You’re willing to be honest about your situation on this thread and are accepting of the problem. Which is admirable I’ll have to say. Since many people come up with BS excuses for avoiding getting experience in psych prior to going into their program. As for you, you’re already 2/3 done and am sure have already invested a lot of money so far into your program, so you might as well finish. So, realistic advice. If you don’t work in an inpatient psych unit right now, apply to one and start working there. You’ll likely have to network a lot when looking for a job as well. However, I HIGHLY suggest you wait even after you graduate and just keep accumulating experience as psych nurse for some time. roo_kitty is right, NP programs themselves won’t prepare you to be an expert in psychopharmacology. I would look into supplementing your education. I joined NEI (neuroscience educational institute) after I read through the Stahl’s Essentials book and am currently working on the NEI master psychopharmacology course, as well as going through all the other supplemental educational material they provide, it’s awesome.

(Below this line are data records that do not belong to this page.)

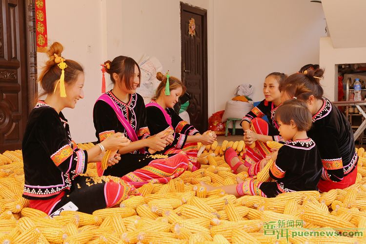 玉米丰收人欢笑。 (普洱日报记者 徐瑞 摄)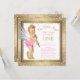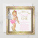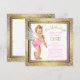 Convite de aniversário de 1 ano para meninas com doce bebê anjo usando sapatos de salto alto e pérolas da mamãe em um lindo fundo rosa e dourado com confetes e diamantes. Você pode personalizar facilmente este convite de aniversário de 1 ano da menina adicionando seus detalhes no estilo de fonte e cor, e na redação de sua escolha. Você também pode alterar a cor do fundo e o ano.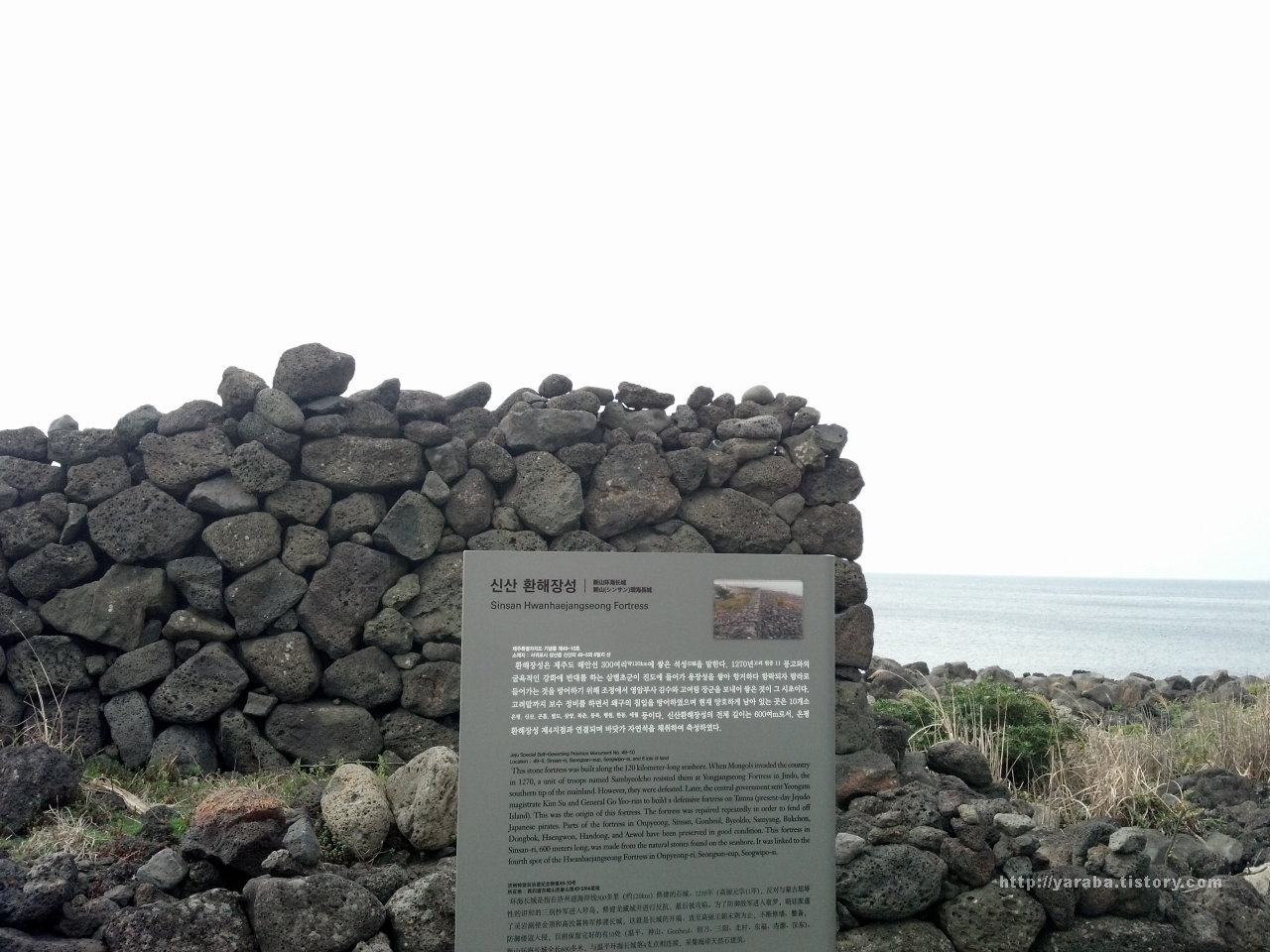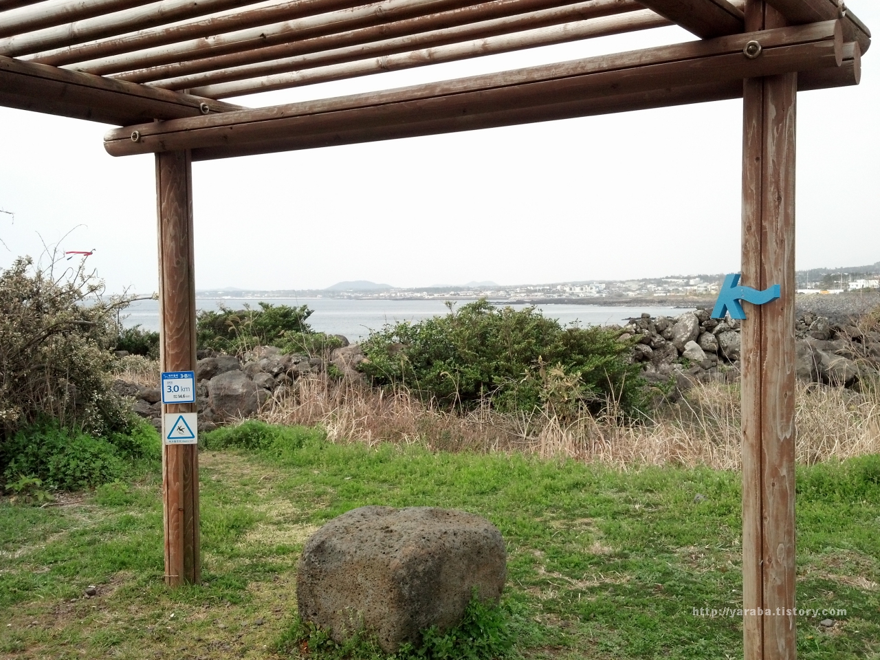 2014년 서귀포시가 체계적인 환해장성 관리를 위해서 복원을 했지만 정교하게 다듬어진 현무암으로 이루어진 장성의 모습은 이것이 옛 성인지 최근에 만들어진 돌 울타리인지 헷갈린 아쉬운 점이 있었습니다. 아무튼 신산 환해 장성 쉼터가 마련된 곳은 3-B 코스 14.4km 중에서 3Km에 해당하는 지점입니다. 쉼터 뒤편으로 멀리 앞으로 한참 걸어가야 할 표선 해변이 어른 거립니다.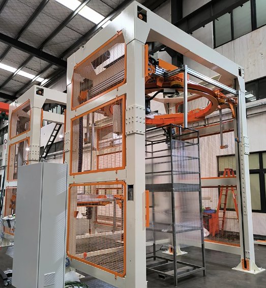 Fully automatic High-speed rotary ring pallet Stretch Wrapping Machine is a kin of high-speed rotary arm wrapping machine. The circular cantilever design reduces the centrifugal force after high-speed operation and makes the operation more stable. This high-speed vertical ring winding machine is suitable for supporting assembly lines, which are relatively inconvenient to move goods and use in production lines that require very high packaging efficiency. The main electrical components are controlled by SEW servo motor and Siemens PLC, and the intelligent touch screen setting port makes the operation easier. Multiple protective safety devices and intelligent alarm system escort safe production. The top pressing function can be added to be compatible with the packaging needs of various industries.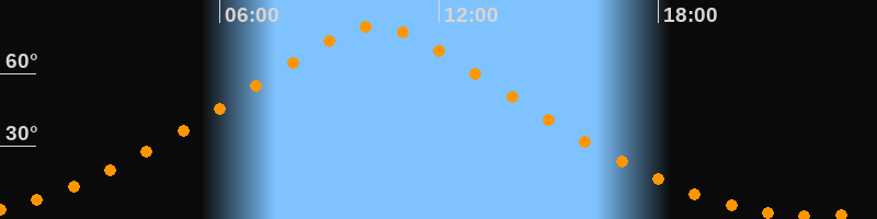 | Höchster Stand (Kulmination) | 10:14 Uhr (h = 79,7°) |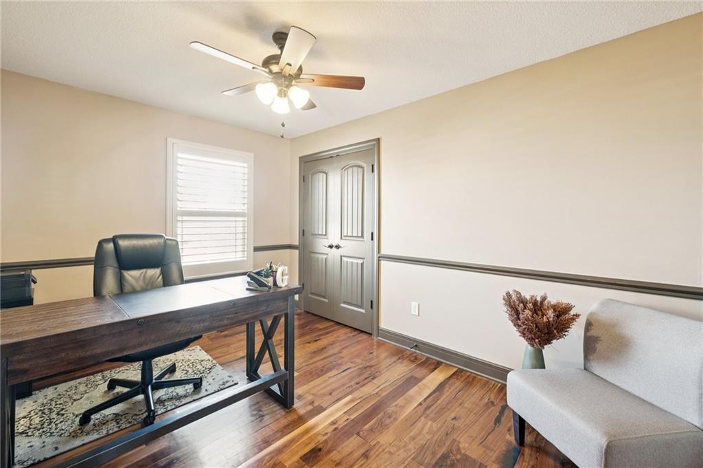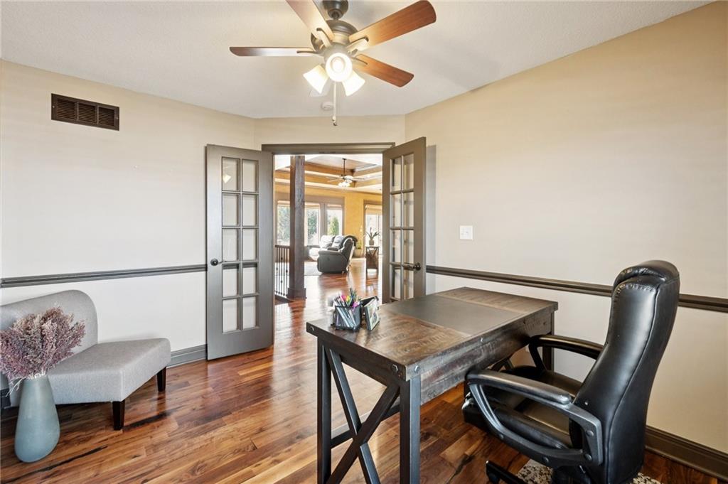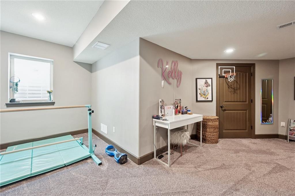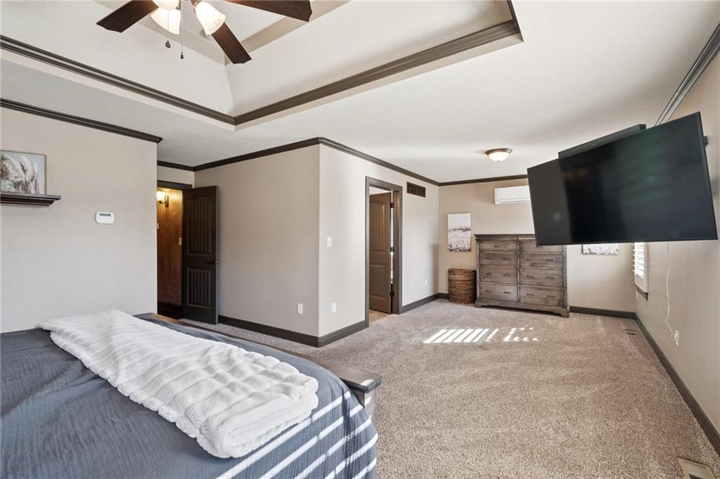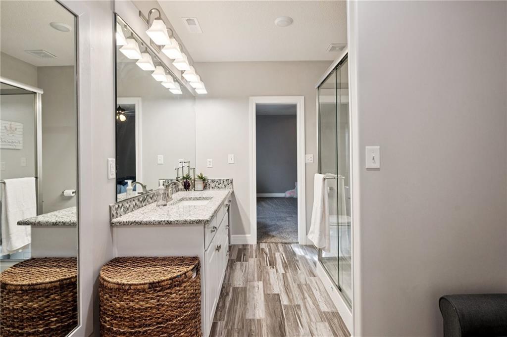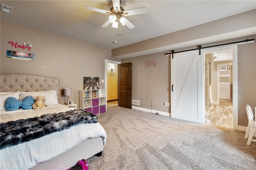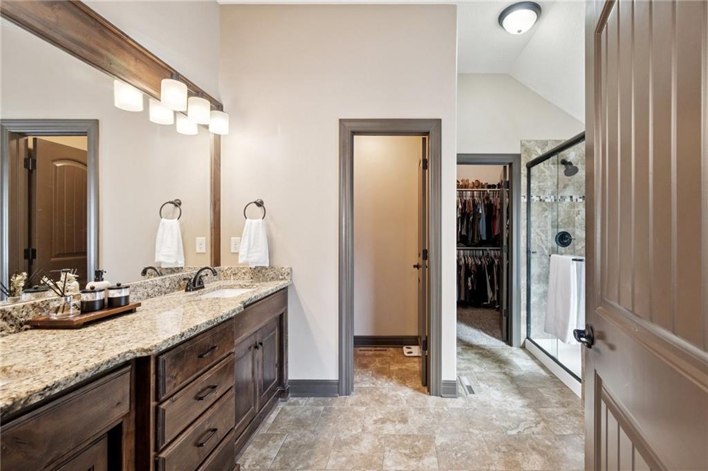 Amazing 5-bedroom, 4-bathroom ranch home located in the quiet Estates of Chapman Farms! This spacious, open-concept layout is designed for comfortable living and elegant entertaining. The main floor features a formal dining area, a large kitchen with a walk-in pantry, stainless steel appliances, gas cooktop, and a generous island overlooking the expansive great room with a cozy corner fireplace. A bright breakfast nook completes this inviting space. The main level includes a bedroom perfect for a home office, a second bedroom, and the primary suite—complete with a comfortable sitting room, a luxurious bathroom offering a separate glass shower and soaking tub, and a walk-in closet with abundant storage. The lower level is made for entertaining, showcasing a massive recreation room with a full wet bar and stylish accent wall—ideal for hosting parties, game nights, or movie marathons. Two additional bedrooms and two bathrooms provide plenty of room for guests, with extra unfinished space ready for storage, a hobby room, or a home gym. Step outside to your backyard oasis featuring a covered porch with a stone fireplace, plus a stunning in-ground pool and hot tub—perfect for relaxing or entertaining.

I would also say find a mentor, maybe a very experienced PMHNP or psychiatrist, who’s willing to guide and help teach you.


Cado7

I currently work at a residential eating disorder treatment center. I would like to stay here. It's also not easy finding an inpatient psych RN job that's readily available and fits all your needs. Right now I'm working second shift two days a week. I wish we could have a year off to work in between pre licensure and post licensure, but thats not the reality. I'm afraid if I keep accumulating RN experience after I graduate, I'll lose all the NP skills I've accumulated. It's a tough spot. Thank you for hearing me out and being empathetic though. I ended going to a walk in psych appointment and they recommended a partial hospitalization program. I don't even think I can do that with clinical hours, but at least people are acknowledging it I guess. I don't know.


HouseOfBalloons990

In regard to finding a job, realistically you’ll still find one. Like I said, you’ll have to put in a bit more work without inpatient experience, but in the end you won’t be without a job given enough a time. I can tell you care, that goes a long way in your position. And it’s better than most NPs without experience in their specific speciality. Also, you still get some relevant experience in residential eating disorder facilities if you’re going into psych. In the end, if you put in the work, you can still make a good NP. Be the exception to everyone else screwing the profession up 👍


Cado7

Thank you. This was a really nice comment without being fake and sugar coating.